Neuroblastoma with metastasis to bone, simulating Ewing sarcoma, can be diagnosed reliably in most cases with qualitative and quantitative determination of catecholamine metabolites in the urine. One patient in this series had bilateral retinoblastoma, and another patient had a brother who also had Ewing tumor. In one patient, carcinoma of breast developed 13 years after treatment of Ewing tumor of the sacrum.
RADIOGRAPHIC FEATURES
Ewing tumor tends to be extensive, sometimes involving the entire shaft of a long bone. Even so, generally more bone will be found pathologically involved than was obvious on the radiograph. Lytic destruction is the most common finding, but there may be regions of density due to stimulation of new bone formation. As the tumor bursts through the cortex, which may show only minimal radiographic changes, it often elevates the periosteum gradually. This elevation produces the characteristic multiple layers of subperiosteal reactive new bone, which produces the onionskin appearance of Ewing tumor (Fig. 18.2). Radiating spicules from the cortex of an affected bone are not uncommon, a fact that complicates the differentiation from osteosarcoma. This differentiation may be especially difficult when the lesion involves a flat bone such as the ilium. Occasionally, Ewing tumor expands the affected bone and may even superficially resemble a cyst (Figs. 18.2, 18.3, 18.4, 18.5 and 18.6).
A rare example of Ewing sarcoma may have little or no medullary component. A few tumors are almost completely in a juxtaosseous position and show little cortical destruction. Edeiken has stressed that saucerization of the exterior surface of the cortex is an early and characteristic sign of tumors presenting subperiosteally (Fig. 18.7).
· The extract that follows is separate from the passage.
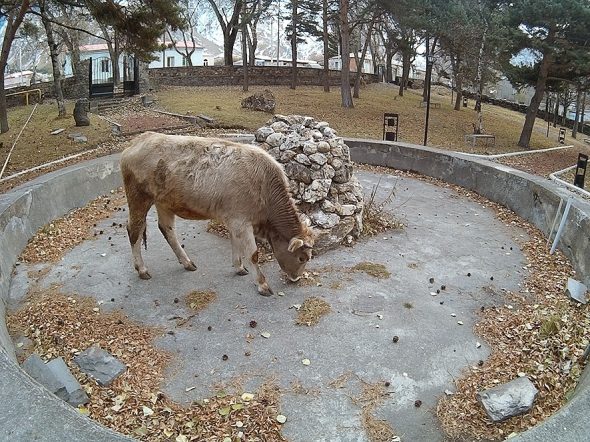От грузинского городка Степанцминда недалеко от границы с Россией до Тбилиси осталось 150 км. После отдыха в гостином доме "Кхвича" иду в центр ловить машину. В городском парке пасутся коровы, одна ходит в фонтане без воды.
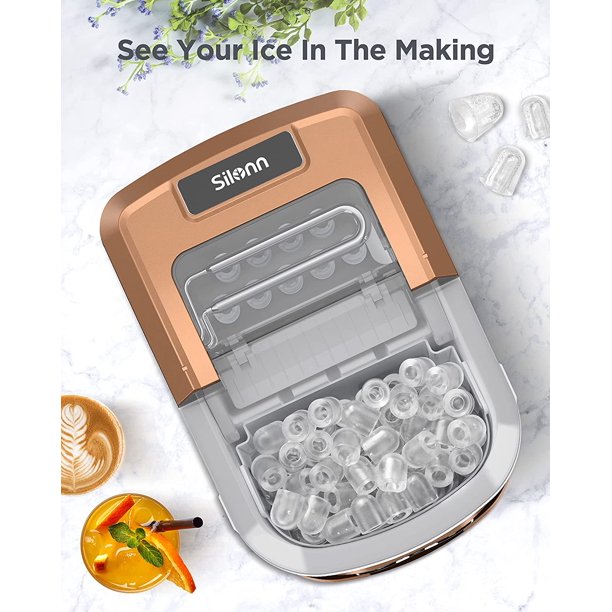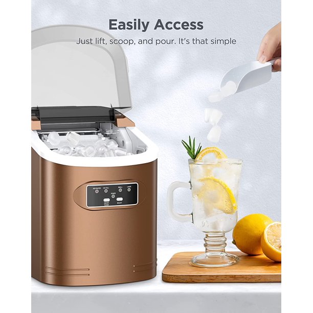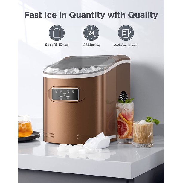 Portable Ice Makers Countertop, 9pcs/6min, 26lbs/24h, w/ 2 Sizes Bullet-Shaped Ice, Self-Cleaning, w/Scoop & Basket for Home, Kitchen, Office, Bar, Party, Bronze - Walmart.com

Figure 18.2. Ewing sarcoma involving the proximal humerus in a 15-year-old boy. Pronounced periosteal new bone formation produces an “onionskin” appearance. |
Figure 18.3. Ewing sarcoma extensively involving the radius in an 8-year-old boy. The lesion has a permeative pattern of bone destruction. |
Figure 18.4. Ewing sarcoma involving the distal humerus. There is extensive periosteal new bone formation. |
Experienced observers have concluded that although Ewing tumor can sometimes be diagnosed with a high degree of assurance on the basis of its radiographic features and although the tumor very often produces features that are virtually pathognomonic of malignant bone tumor, several conditions can produce similar features. When the tumor produces a permeative destructive process, the differential diagnosis involves metastatic carcinoma, malignant lymphoma, and osteomyelitis. When the lesion produces an area of geographic destruction, other malignant tumors, including osteosarcoma, are included in the differential diagnosis.
Modern imaging techniques such as computed tomography and magnetic resonance imaging do not produce images that are diagnostic of Ewing tumor. However, both of these modalities are superior to plain radiographs in defining the extent of the disease, both intermedullary and in the soft tissues. The images are especially useful in establishing the relationship of the neoplasm with the neurovascular bundle. This information may be critical in planning surgery (Figs. 18.5, 18.8, & 18.9).
GROSS PATHOLOGIC FEATURES
Solid masses of viable tumor are characteristically gray-white, moist, glistening, and sometimes translucent. They may have an almost liquid consistency, which may mimic pus. This appearance may result in the entire specimen being sent to microbiology for culture, with disastrous results. The tumor frequently invades bone beyond the limits indicated on the radiograph. Zones of necrosis, hemorrhage, and even cyst formation are common. The neoplastic tissue is often admixed with proliferating bony and fibrous tissue in the periosseous regions (Figs. 18.10, 18.11, 18.12, 18.13 and 18.14).